A liberty boat arrived, but it was not from North Island. He thought it might be from a cruiser that was anchored in the harbor. The passengers began stepping out of the boat and onto the dock. From there they walked up a ramp that changed angles with the tide. Ben saw a full commander approaching. The officer lifted his eyes and Ben recognized the former owner of Hacienda Kino, Harry Sinclair.
Amazed and surprised, Ben lifted his arm and waved, hoping Harry would recognize him. “Harry Sinclair, remember me, Ben Norris?”
The commander stopped and squinted at Ben. “Well, I’ll be darned, Ben. This is quite a surprise,” Harry said and shook Ben’s hand warmly.
“That is for sure,” Ben said. “I see that you are now a full commander, congratulations.”
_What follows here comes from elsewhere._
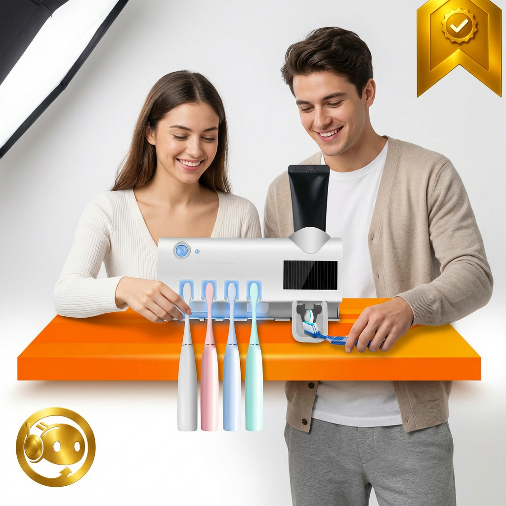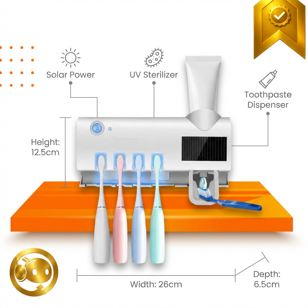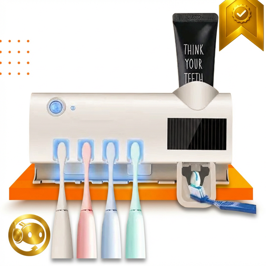 2. Especificaciones técnicas: Tecnología de esterilización UV; elimina hasta el 99,9% de bacterias en las cerdas; diseño compacto para baño; no incluye dispensador de pasta de dientes; condición: nuevo; presentación: kit x 1 unidad.

“Thanks. I guess they had to do something after calling me to active duty. I see you made petty officer. That’s good. Congratulations to you, too.”
“Thanks,” Ben said.
“This is great seeing you,” Harry said. “Let’s go over to that coffee shop at the foot of Broadway and catch up on the last four years.”
“That sounds fine to me,” Ben said. “I have all the time in the world.”
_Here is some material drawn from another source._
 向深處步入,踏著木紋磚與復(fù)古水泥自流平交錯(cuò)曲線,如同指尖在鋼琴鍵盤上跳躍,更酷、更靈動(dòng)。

They turned left at the entrance to Fleet Landing and walked to the small coffee shop. They found a table and sat down while the waitress went for their coffee.
“I see you are still in uniform,” Harry said. “How do you like the Navy?”
“Actually, I am a civilian,” Ben said, and dropped his eyes to the tabletop. “I got discharged and went to Tucson to find work and there is nothing because of the drought they are having over there.”
“I have heard that range conditions are terrible,” Harry said.
“The cattle I saw go through the auction looked thin and I would say the cowmen are desperate to get them off the range. They are cheap, too.”
“I know they are cheap because Kate and I have been buying a lot of those drought cattle.”
“But, you sold Hacienda Kino and when I drove out there I came close to going crazy when I saw the paved road and the houses perched on forty acre lots.”
“That bothers me, but I did make a ton of money because it was all deeded land. And, just think of what that sale saved me from when the drought hit?”
“Anyhow, I drove back here to re-enlist even though I would much rather get a job as a cowboy than sail around on these steel monsters. You said that you and Kate are buying drought cattle. How can you do that and be a full commander in the Navy?”
“Kate knows cattle as well as I do and she does most of the work. We bought a wonderful ranch in the Kansas Flint Hills where we are putting these cattle. I fly up there once a month. I am an admiral’s aid, and he understands my need to pay attention to business. I have resigned my commission and will be separated in three weeks. I can see that the country is messing around in Viet Nam and I don’t want to spend any more time away from the ranching business.”
“I have never been to Kansas,” Ben said. “But I have heard that it is fine cow country.”
“It is a feast for my eyes after ranching in southern Arizona,” Harry said. “Would you forget about re-enlisting and go to work with us in Kansas?”
“I have forgotten about re-enlisting already. Just give me directions to the ranch there and I will gas up my pickup as soon as I get out of this uniform.”